On est donc devant un livre qui se refuse le caractère de roman. Mais les lecteurs assidus des cinq romans publiés précédemment sous le même nom d’auteur ne seront pas dupes. Ils auront rapidement constaté que certains des traits propres aux romans de Julia Deck, qui contribuent à leur charme, se retrouvent dans ce non-roman. Il n’y a certes pas d’intrigue au sens où le lecteur de Viviane Élisabeth Fauville (Minuit, 2012) désire savoir, comme l’héroïne elle-même, si celle-ci sera identifiée comme l’assassin du psychanalyste retrouvé poignardé. Mais il y a tout de même un suspense aussi : qu’adviendra-t-il de cette vieille femme victime d’un grave AVC et condamnée par la Faculté ? A-t-elle des chances sérieuses de voir son état s’améliorer sensiblement ? On peut tenir la réalisation de l’improbable pour un des privilèges de la fiction.

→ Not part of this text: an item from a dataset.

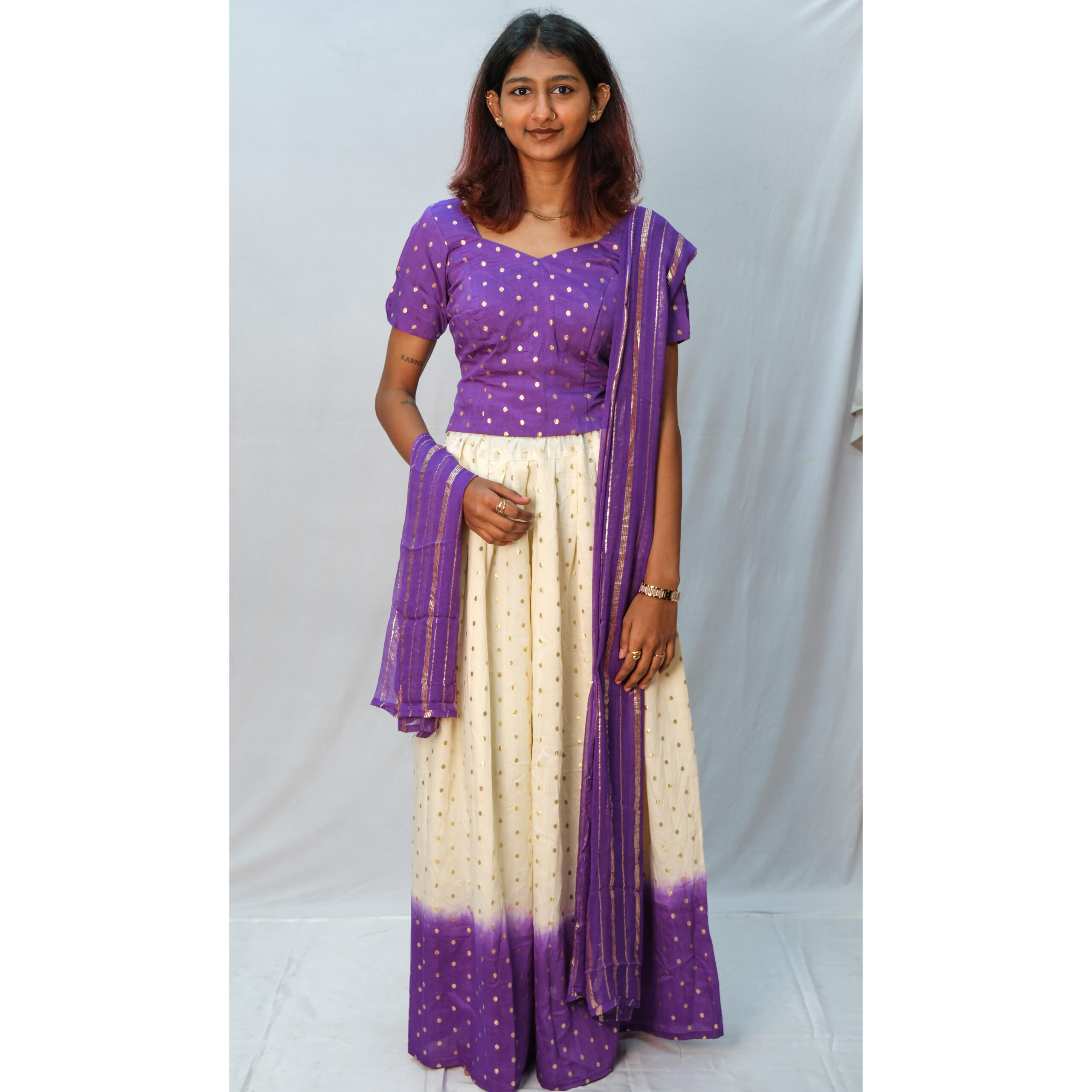 The skirt and blouse ensemble is a versatile outfit that beautifully blends comfort, style, and elegance. Crafted from high-quality fabric, the blouse features a flattering fit with delicate detailing, while the skirt complements it with a graceful flow and perfect tailoring. This combination is ideal for formal events, festive gatherings, or casual wear, depending on how you style it. Available in a range of colors and designs, the skirt and blouse set allows you to express your personal fashion sense effortlessly. Pair it with heels or sandals and minimal accessories for a complete, polished look that never goes out of style.

Ce n’est pas le plus troublant. Un des traits les plus remarquables des livres de Julia Deck est leur minutieuse inscription dans l’actualité que chacun connaît : les Gilets jaunes, la présidence Macron, les personnalités de la télévision, la différence entre Monoprix et Lidl. Il ne s’agit pas de faire des chroniques des années récentes, mais de parler de la réalité française actuelle, d’habiter notre temps, sans se contenter d’une vision tranchée de l’existence. On dit banalement « la France des banlieues » comme si la formule s’appliquait à une réalité homogène. Mais la banlieue des classes moyennes décrite dans Propriété privée a peu en commun avec celle où réside le grand homme de son précédent roman, Monument national. Tous ces traits caractéristiques de la manière de Julia Deck se retrouvent aussi dans Ann d’Angleterre. Roman ou pas, c’est bien un même écrivain.